The Extras

Estimated reading time: 2 minute(s)

I was at a gas station the other day, just pumping some gas (for myself, not for other folks… I did not land a day job at the local gas station…)

And I noticed something.

For one brief moment, I became part of another world.

There was a family there, pushing the stroller, two other kids in tow… trying to manage a mob of small energetic people. And as I watched and listened, I thought, “Hey, that’s like us. That is us. We walk right through here, and there are people pumping gas when we walk by… now I AM the guy pumping gas in their world…”

And I realized… we are so egocentric. (I am using that term in the philosophy sense… not the selfish, prideful, arrogant sense.) That means, I am the center of my world… everything revolves around me, and is perceived from my vantage point. Mostly, the people around us are just like extras in a movie. Insignificant filler in the story of my life.

But they’re not. Till I was pulled out of my world and swept into theirs, the family walking by were the extras… not me. But then from a different perspective, I was the extra.

I was no longer husband to Jen, father to Ian, Alex & Kirsten. I was no longer a musician, writer, web-designer. I was no longer Tom & Shirley’s son, Tara’s brother. I was just a guy pumping gas.

Isn’t that so odd? The following day at Wal-Mart, I began seeing people for who they really are. Each person has a rich past, and a full present. They are someone’s Dad, Mom, Grandma, Grandpa, son, daughter, friend, boss, partner, pastor, teacher, doctor, etc.

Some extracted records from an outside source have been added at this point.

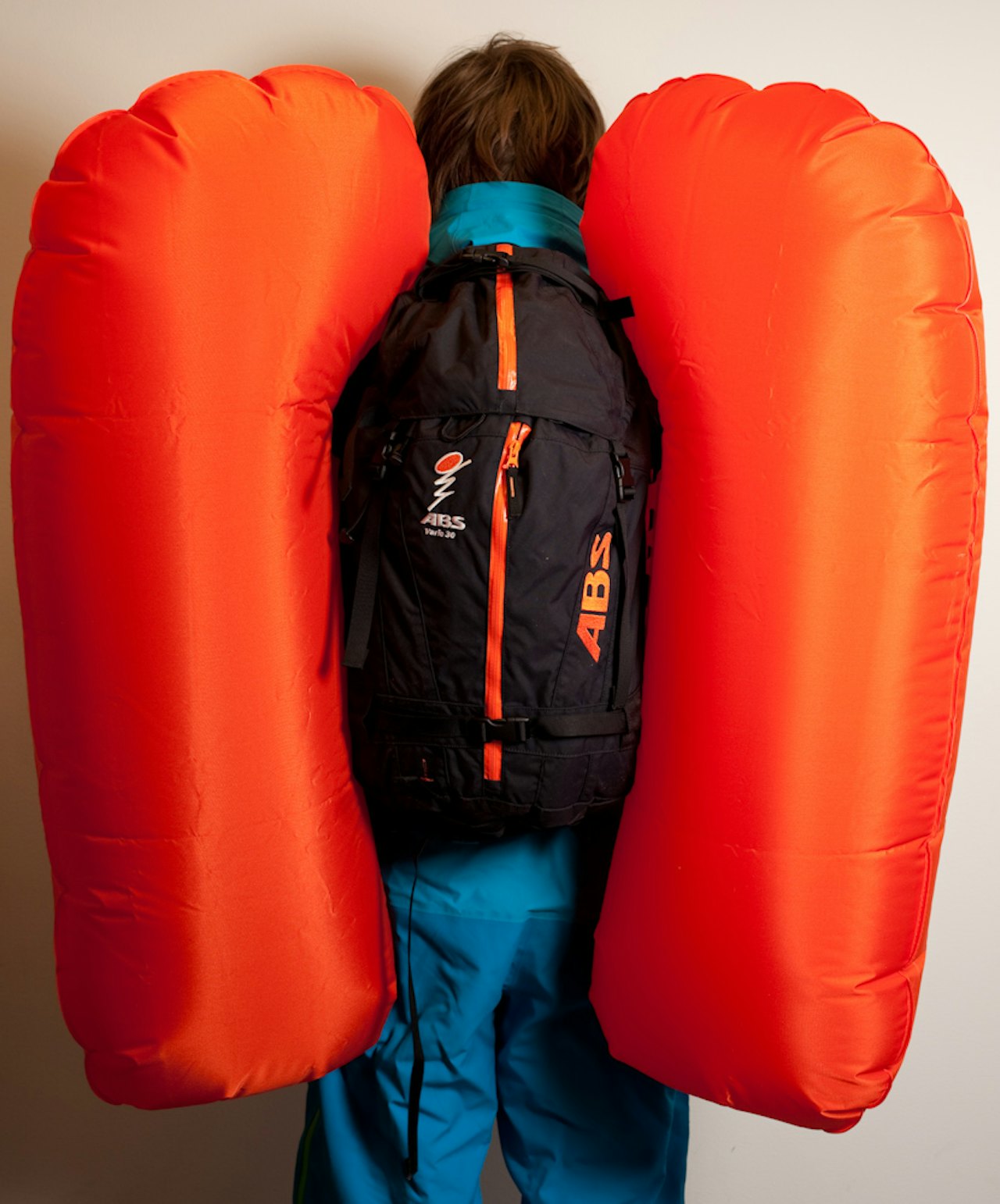 SIKKERHET: ABS er systemet som er utviklet gjennom 25 år. Ballongene blåses opp i løpet av tre sekunder, kommer ut av borrelåsåpninger på hver side av sekken og blir hengende som to vinger på siden av sekken. ABS var i mange år alene om å tilby skredballonger, og statistikken taler for seg. 98 prosent av de som klarer å løse ut ballongen overlever skredet, de fleste helt uskadd. Mer enn 150 skredofre skal ha overlevd på denne måten. Statistikken så langt viser at ti prosent av de som blir tatt ikke klarer å løse ut ballongen. For å gjøre dette lettere har ABS laget en pyroteknisk løsning (en liten sprengladning), slik at det nå trengs bare fem millimeters bevegelse i utløserhendelen for at ballongene blåses opp. ABS er nå blitt utfordret av SnowPulse, men mener de fremdeles har den beste løsningen på hvordan en skredballong. ABS har to ballonger, som beveger seg fleksibelt og tar imot mye av belastningen du blir utsatt for i et skred. Siden ballongene henger på siden, vil de ikke påvirke synsfeltet i det du for eksempel forsøker å kjøre fra skredet. Den pyrotekniske utløsermekanismen skal gjøre det lettere å få den til å gjøre jobben når du trenger den. Mens SnowPulse er opptatt av å beskytte hode og nakke, mener ABS at deres løsning gjør at du blir liggende mer vannrett med kroppen i overflaten av skredet med hele kroppen og dermed er mindre utsatt for mekaniske skader. De viser dessuten til at det ikke er noen hode- og nakkeskader i statistikken over de som er berget i skred ved bruk av ABS.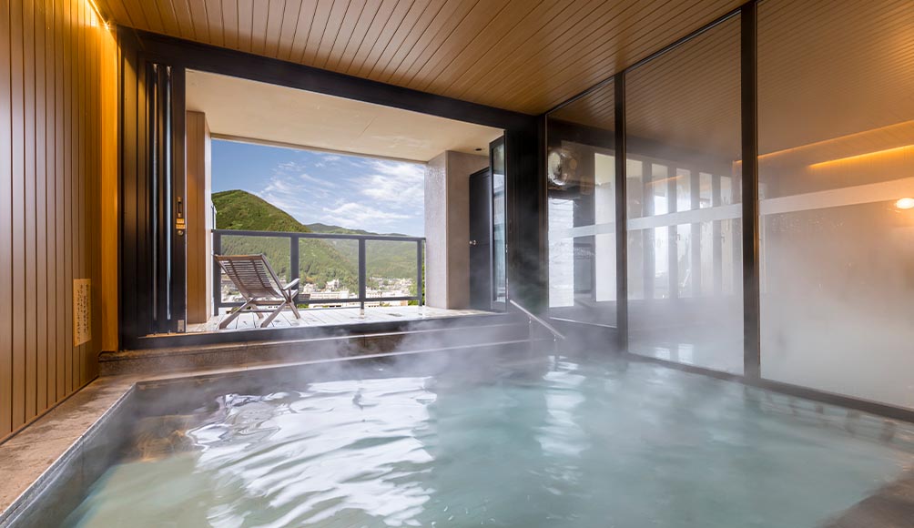 温泉は、内湯・露天風呂・家族風呂があります。露天風呂は、下呂市を一望できる贅沢な空間です。日本三名泉のひとつ下呂温泉の名湯を、たっぷり堪能できます♪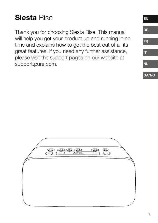 Download the instructions for your in PDF format for free! Find your manual SIESTA RISE - PURE and take your electronic device back in hand. On this page are published all the documents necessary for the use of your device. SIESTA RISE by PURE.

And yet to me, they are extras.

I won’t have the opportunity to be part of any of their worlds. Perhaps some. But likely, they will remain in a way, extras. But, I would like to remember that gas-station experience where for a moment, the world was not my world.

What a world it would be if there were no extras. If we realized the fullness of everyone we run into at a gas station. That is only a piece of the world God knows. He knows each of us intimately. Every detail. Every relationship. All that we are. More than anyone else.

Now that is amazing.

Quite a perspective God has on this world, eh?

2 Comments

  1. you and the Uber-Author Donald Miller have something in common… the extra-in-a-movie concept. Check out, “Blue Like Jazz” chapter… uhm… chapter something. I think that dang book should be distributed to every household like “Frampton Comes Alive”…with sample boxes of Tide. Very cool post!